Abzuleiten ist der Begriff aus dem englischen Wort landscape (Landschaft). Dies im Hinterkopf kann man sich eine Soundscape leicht vorstellen. So wie eine Landschaft mit den Augen erfasst werden kann, kann die Klanglandschaft mit den Ohren wahrgenommen werden.
Jeder, der schon einmal versucht hat, ein Bild zu beschreiben, der weiß, wie schwierig es sein kann, Wahrnehmung in Worte zu fassen. Noch schwieriger dürfte es sein, sein Lieblingslied zu beschreiben ohne es zu summen, zu pfeifen oder gar vorzusingen. Den Weg der Soundscape in die Wissenschaften ist also zunächst nur schwer vorstellbar; denn wie soll man über etwas schreiben, sprechen und diskutieren, das man nicht in Worte fassen kann?

World Soundscape Project und die akustische Skyline Vancouvers

In den späten 1960er und frühen 1970er Jahren wurde von Schafer an der Simon Fraser Universität in Burnaby östlich von Vancouver das Forschungsprojekt „World Soundscape“ ins Leben gerufen. Mithilfe dieses Projektes wollte Schafer mehr Aufmerksamkeit auf unsere akustische Umwelt lenken, sowie auf seine persönliche Abneigung gegenüber der lärmenden und sich schnell verändernden Soundscape Vancouvers.

Die Projektgruppe erarbeitete neben mehreren Schriften und Aufsätzen (vgl. u.a. Schafer 1971) auch eine Analyse der akustischen Skyline von Vancouver. Hörbeispiele der Tonmontage lassen sich hier finden.

Die Wissenschaftliche Relevanz der Soundscape

Heute sind derartige Aufnahmen u.a. von historischem Interesse.

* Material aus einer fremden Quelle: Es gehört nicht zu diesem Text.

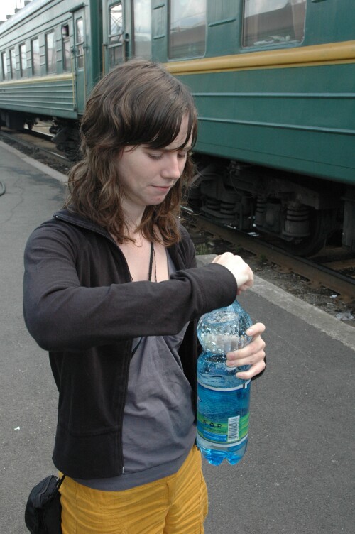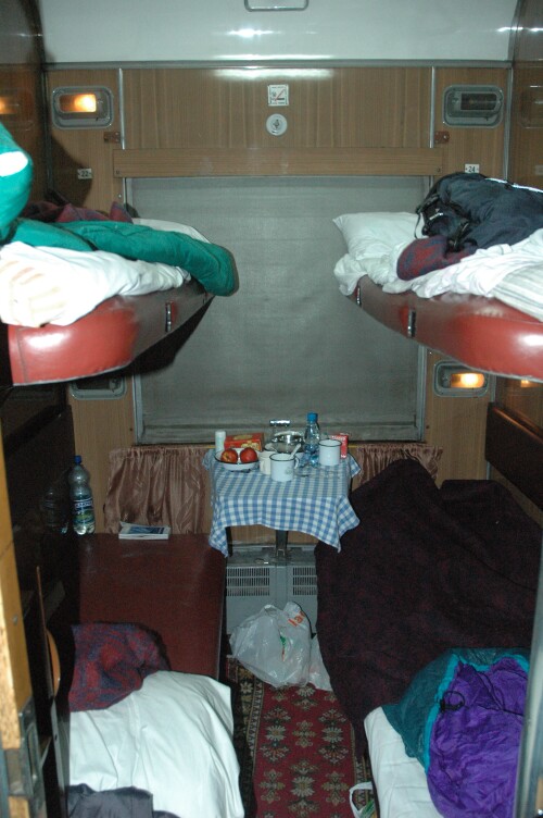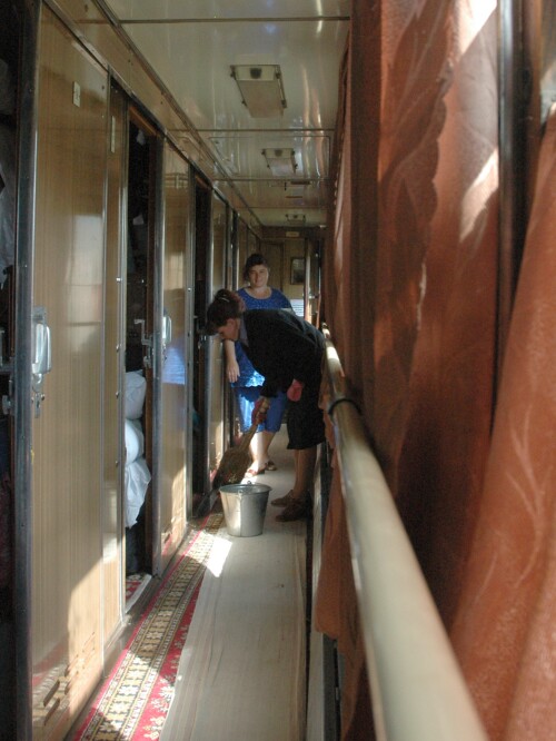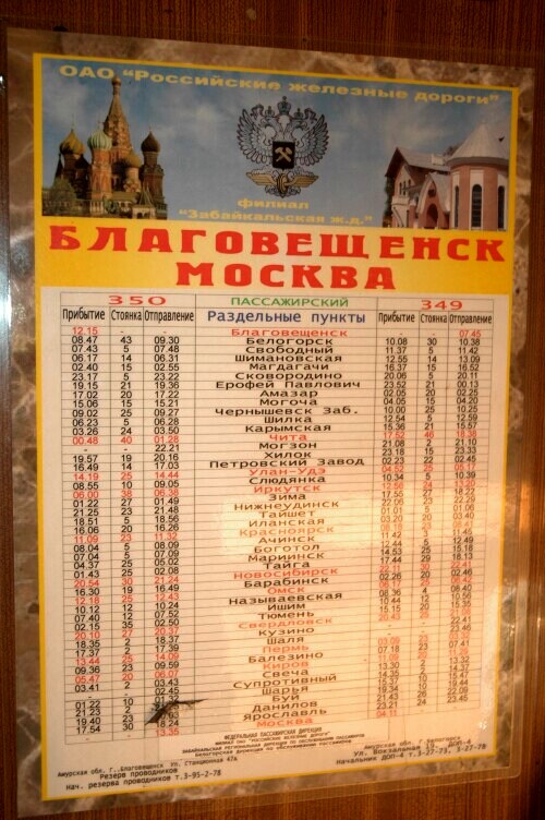 The attendants in our car guarded the steps at stops, cleaned the car and toilets and rarely smiled. Our lives were governed by the schedule posted in the corridor which set out the scheduled arrival and durations of all the stops. The toilets were locked 20 minutes before and after stations. The entire train and all the stations ran on Moscow time – even when local time was 5 hours ahead.

Welche Klänge sind inzwischen aus dem akustischen Stadtbild Vancouvers verschwunden; welche sind neu hinzugekommen? Was bedeutet das für die Bewohner der Metropole?

Durch die Methode der Aufnahme können die sonst so flüchtigen Geräusche festgehalten und in den wissenschaftlichen Diskurs eingebracht werden. So kann auch Jahre später noch über die damaligen Geräusche gesprochen werden. 2006 beispielsweise beschrieb Hans-Ulrich Werner (Professor für Audioproduktion & Sound Design) auf Grundlage der Tonaufnahmen von 1972 die hörbare Skyline Vancouvers wie folgt: „Die Natur ist verwoben mit der Stadt, das Meer bestimmt den Grundton des Lebens. Die weit tragenden Nebelhörner mit ihren Echos, die ZeitRaum Rufe der Eisenbahnen überlagern das Transportgeräusch des Verkehrs, die Stimmen der Menschen, Straßenmusik, die Feste in Chinatown, europäisch klingende Glocken“ (Werner 2006: 28).
Der Rezipient dieser Beschreibungen hat beim Lesen nicht nur die Geräusche in den Ohren, sondern zugleich die entsprechenden Bilder vor seinem inneren Auge vorbeiziehen. Dies zeigt, dass durchaus effektive Möglichkeiten bestehen, über Klänge zu sprechen, wie es eine Grundvoraussetzung für die wissenschaftliche Auseinandersetzung mit einem Thema ist.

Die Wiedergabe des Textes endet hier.